Instructions for the task: Only the lines from the start of the data through the line containing "其中理科分?jǐn)?shù" should be written out, exactly as they are, with both ends included and the pictures left out.

----- Records provided

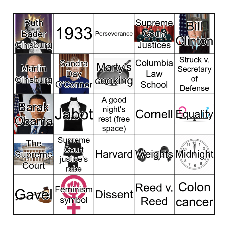 This bingo card has 15 images, a free space and 24 words: Supreme Court justice's robe, Feminism symbol, Marty's cooking, Gavel, Bill Clinton, Ruth Bader Ginsburg, Martin Ginsburg, 1933, Cornell, Harvard, Columbia Law School, Barak Obama, Weights, Midnight, Sandra Day O'Connor, Reed v. Reed, Equality, Perseverance, Struck v. Secretary of Defense, Jabot, Colon cancer, The Supreme Court, Supreme Court Justices and Dissent.
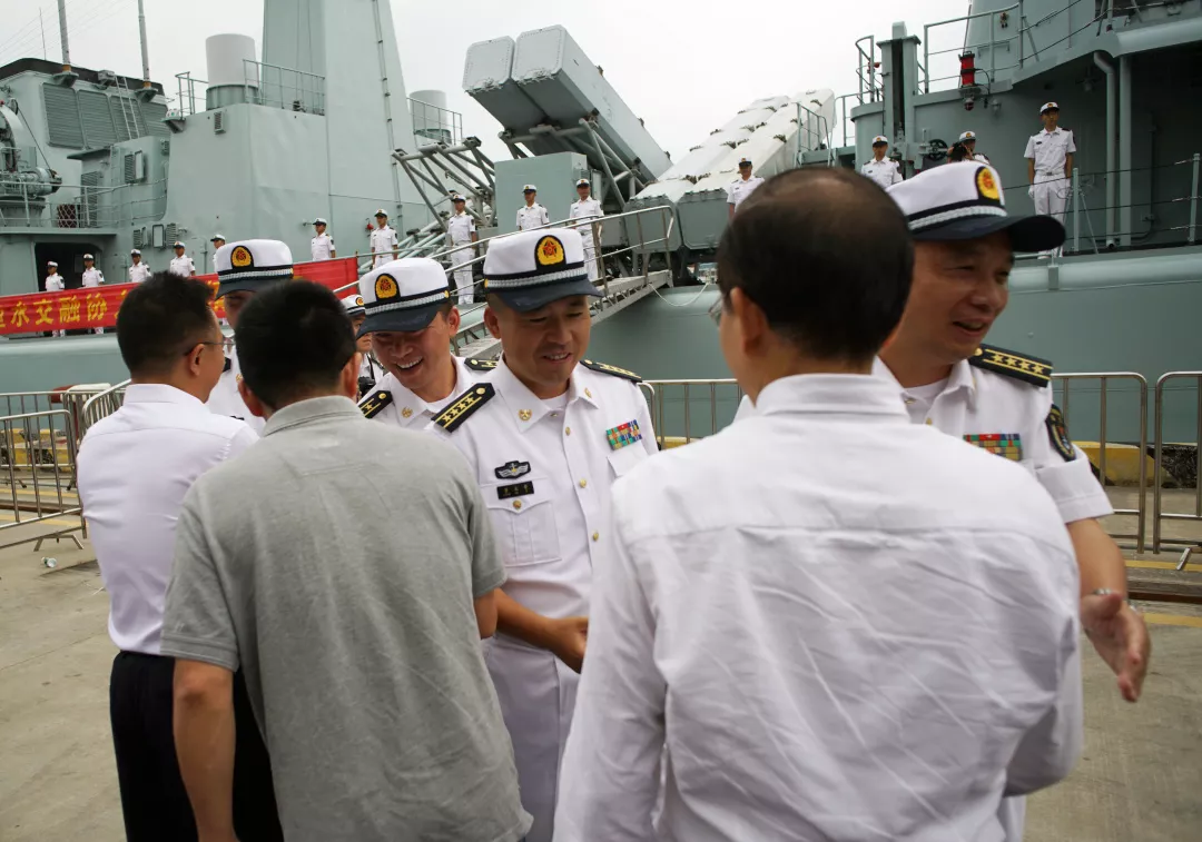 深圳市委副秘書長劉平生,市民政局局長廖遠飛,南山區(qū)委常委、宣傳部部長廖子彬,南山區(qū)委常委、人武部部長彭耀玖,副區(qū)長謝炳文等領導代表市、區(qū)雙擁辦在碼頭上歡送深圳艦。南部戰(zhàn)區(qū)海軍副參謀長李曉巖少將,深圳艦所在某驅逐艦支隊副政委蔣軍大校,深圳艦艦長黃北奇大校,深圳艦政委陳永強上校等與深圳親人一一握手道別。
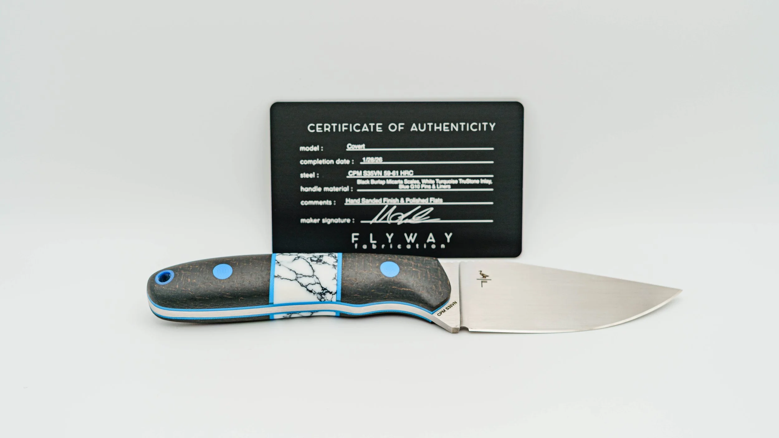 CPM S35VN - Black Burlap Micarta & White Turquoise TruStone Inlay - Blue G10 Pins & Liners - Hand Sanded Finish
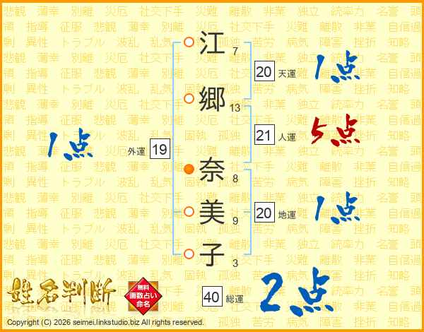 江(7画)郷(13画) 奈(8画)美(9画)子(3画)
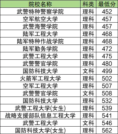 其中理科分?jǐn)?shù)至少在452分及以上、文科分?jǐn)?shù)至少在499分及以上才有機(jī)會(huì)被錄取。而理科分?jǐn)?shù)最低的院校是武警特種警察學(xué)院,文科分?jǐn)?shù)最低的院校是國(guó)防科技大學(xué)。下面是各校最低分詳情:
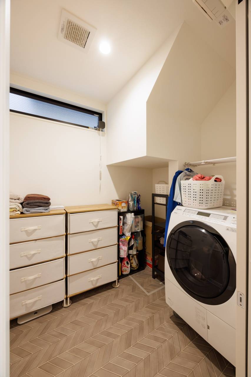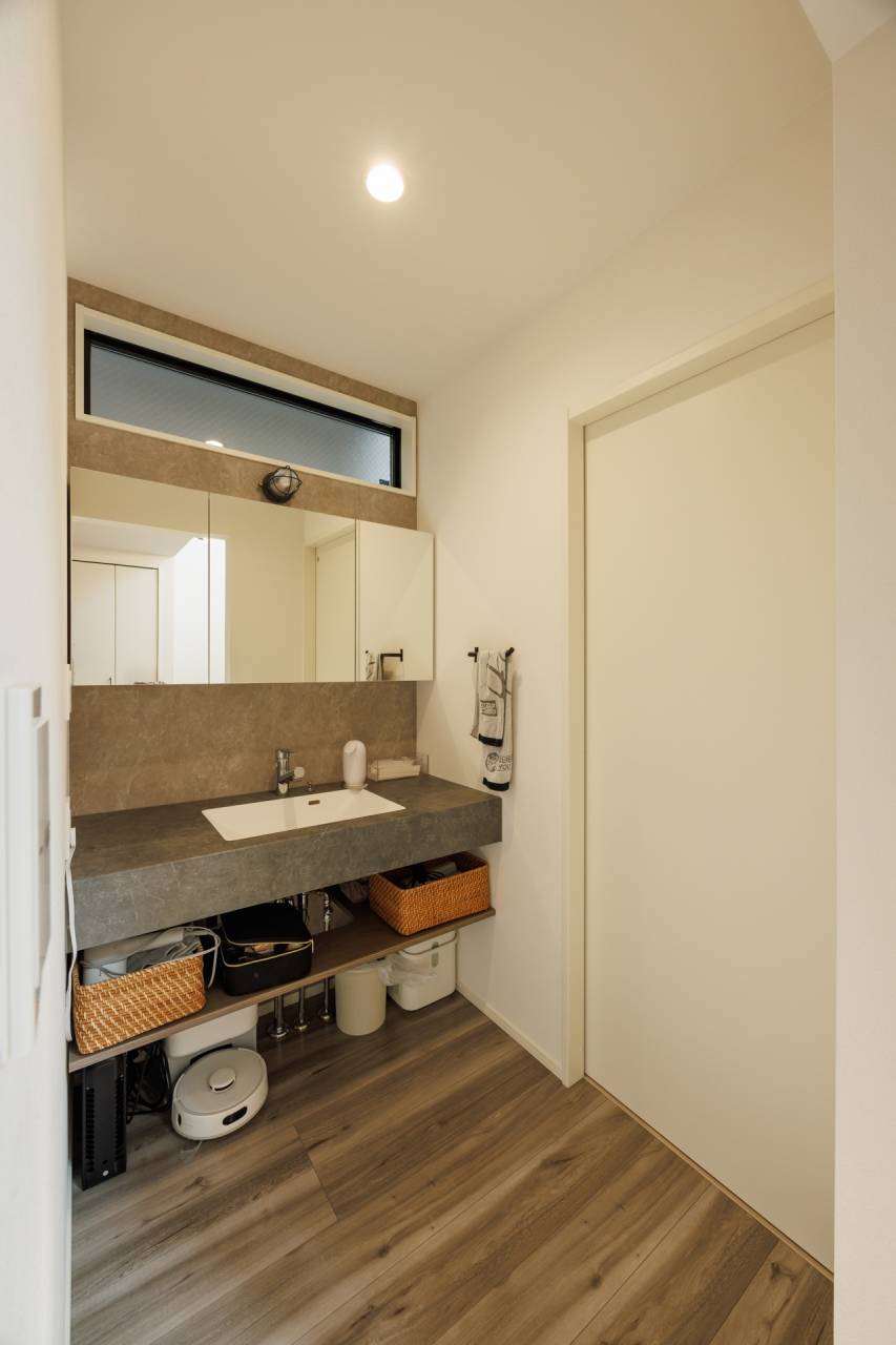 リビングからワンステップで行ける洗面や、脱衣スペースには自分たちが使いやすい工夫が施されています。室内空間を有効活用できるよう、家具の配置やインテリアを用い、整理整頓できるよう仕上げられています🙌

----------

Exercise output:
 This bingo card has 15 images, a free space and 24 words: Supreme Court justice's robe, Feminism symbol, Marty's cooking, Gavel, Bill Clinton, Ruth Bader Ginsburg, Martin Ginsburg, 1933, Cornell, Harvard, Columbia Law School, Barak Obama, Weights, Midnight, Sandra Day O'Connor, Reed v. Reed, Equality, Perseverance, Struck v. Secretary of Defense, Jabot, Colon cancer, The Supreme Court, Supreme Court Justices and Dissent.
 深圳市委副秘書長劉平生,市民政局局長廖遠飛,南山區(qū)委常委、宣傳部部長廖子彬,南山區(qū)委常委、人武部部長彭耀玖,副區(qū)長謝炳文等領導代表市、區(qū)雙擁辦在碼頭上歡送深圳艦。南部戰(zhàn)區(qū)海軍副參謀長李曉巖少將,深圳艦所在某驅逐艦支隊副政委蔣軍大校,深圳艦艦長黃北奇大校,深圳艦政委陳永強上校等與深圳親人一一握手道別。
 CPM S35VN - Black Burlap Micarta & White Turquoise TruStone Inlay - Blue G10 Pins & Liners - Hand Sanded Finish
 江(7画)郷(13画) 奈(8画)美(9画)子(3画)
 其中理科分?jǐn)?shù)至少在452分及以上、文科分?jǐn)?shù)至少在499分及以上才有機(jī)會(huì)被錄取。而理科分?jǐn)?shù)最低的院校是武警特種警察學(xué)院,文科分?jǐn)?shù)最低的院校是國(guó)防科技大學(xué)。下面是各校最低分詳情:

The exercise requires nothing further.